> **Exercise requirements**: Below are some records. Print exactly the lines between the one holding "Нефть. Цены по сортам на 16 июля 2021" and the one holding "Ideales para los", inclusive, and nothing else.

> **The data**:
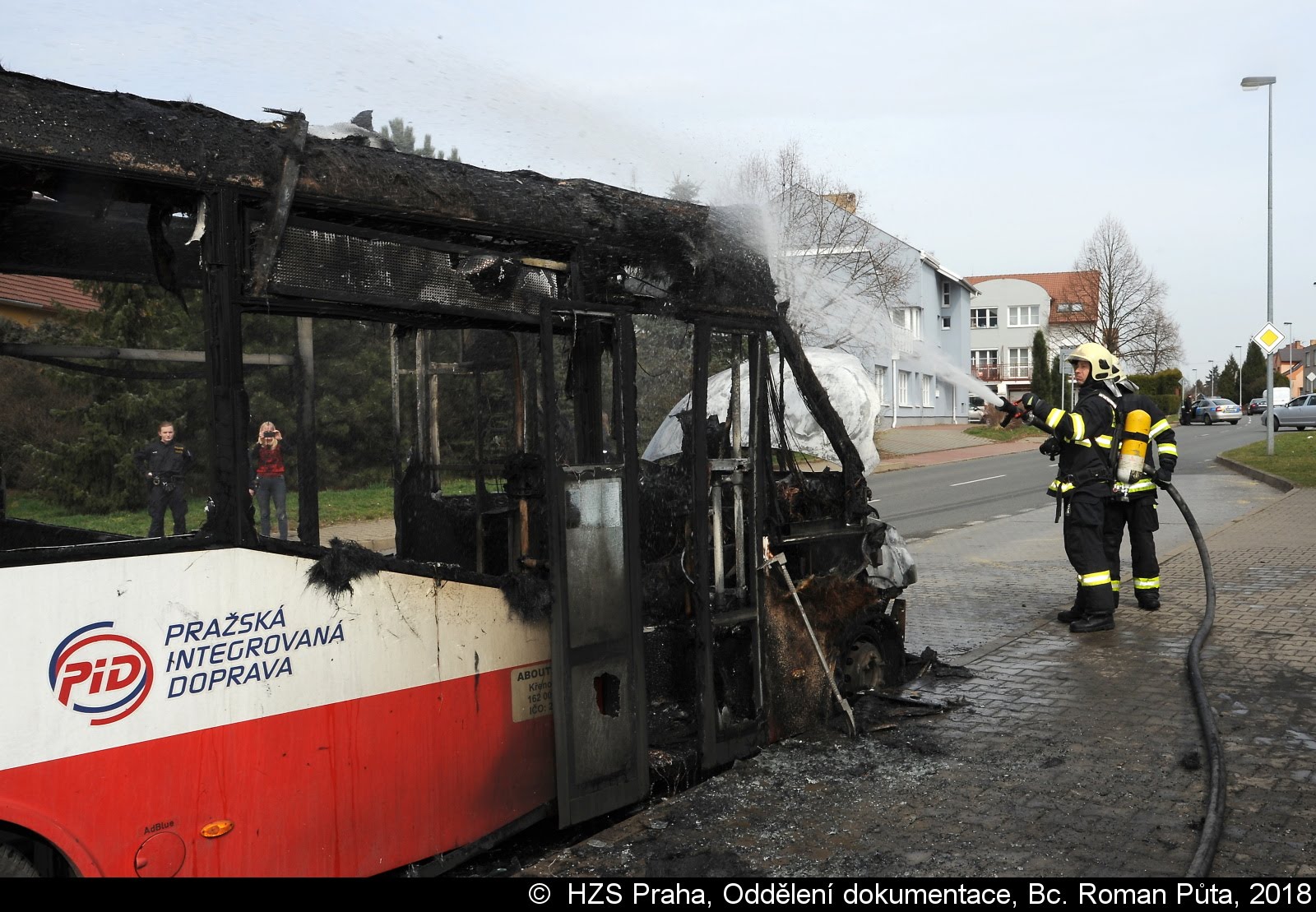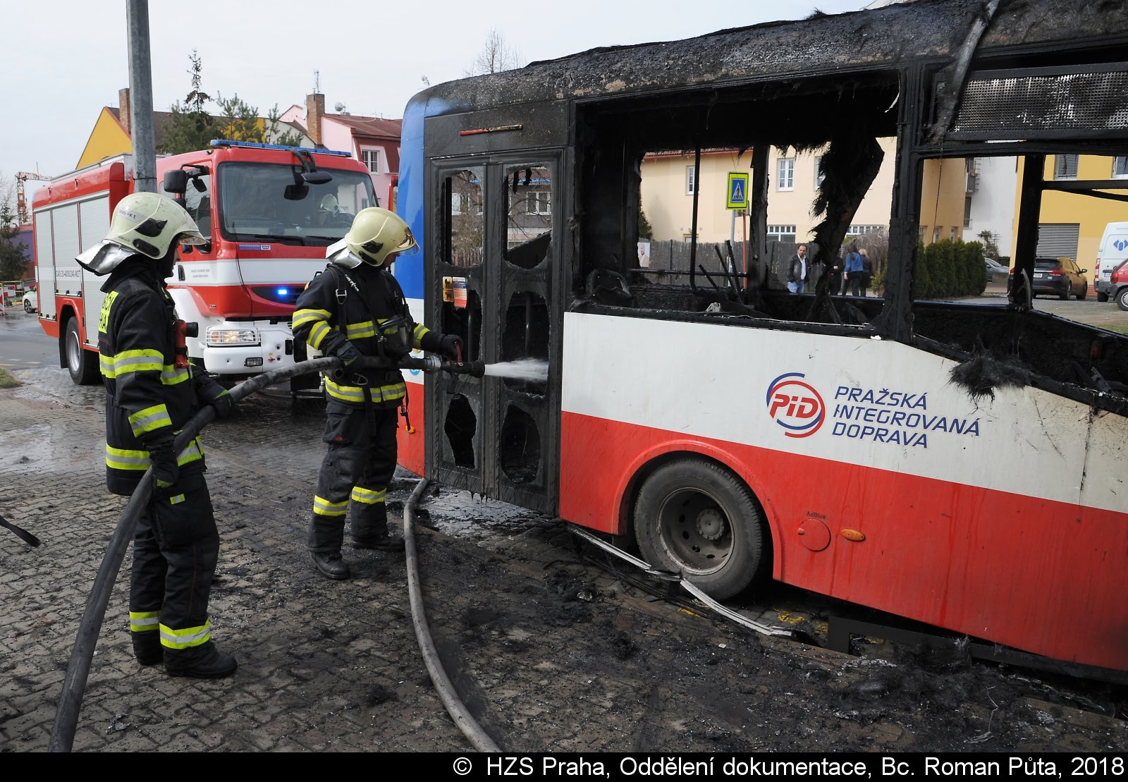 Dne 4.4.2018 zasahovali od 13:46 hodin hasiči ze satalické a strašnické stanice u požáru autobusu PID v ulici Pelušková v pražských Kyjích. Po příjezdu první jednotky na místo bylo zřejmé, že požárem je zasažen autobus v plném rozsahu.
...
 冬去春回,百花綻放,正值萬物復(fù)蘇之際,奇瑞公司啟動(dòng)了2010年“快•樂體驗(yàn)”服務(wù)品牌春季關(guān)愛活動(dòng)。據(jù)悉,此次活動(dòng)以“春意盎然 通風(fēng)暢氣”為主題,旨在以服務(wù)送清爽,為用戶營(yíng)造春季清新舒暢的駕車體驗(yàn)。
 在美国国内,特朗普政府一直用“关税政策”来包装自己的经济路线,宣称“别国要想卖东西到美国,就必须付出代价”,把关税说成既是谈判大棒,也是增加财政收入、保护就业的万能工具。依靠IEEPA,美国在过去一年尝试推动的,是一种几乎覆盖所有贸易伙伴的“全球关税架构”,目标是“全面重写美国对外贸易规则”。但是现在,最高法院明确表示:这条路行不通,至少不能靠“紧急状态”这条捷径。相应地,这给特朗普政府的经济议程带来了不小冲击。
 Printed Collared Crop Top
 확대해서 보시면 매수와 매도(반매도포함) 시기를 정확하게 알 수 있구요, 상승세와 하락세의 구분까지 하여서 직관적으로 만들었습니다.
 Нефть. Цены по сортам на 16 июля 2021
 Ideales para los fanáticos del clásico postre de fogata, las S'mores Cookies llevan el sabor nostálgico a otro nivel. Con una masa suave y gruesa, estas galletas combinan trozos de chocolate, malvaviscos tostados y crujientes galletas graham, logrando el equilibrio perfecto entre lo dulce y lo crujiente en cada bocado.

> **Output below**:
 Нефть. Цены по сортам на 16 июля 2021
 Ideales para los fanáticos del clásico postre de fogata, las S'mores Cookies llevan el sabor nostálgico a otro nivel. Con una masa suave y gruesa, estas galletas combinan trozos de chocolate, malvaviscos tostados y crujientes galletas graham, logrando el equilibrio perfecto entre lo dulce y lo crujiente en cada bocado.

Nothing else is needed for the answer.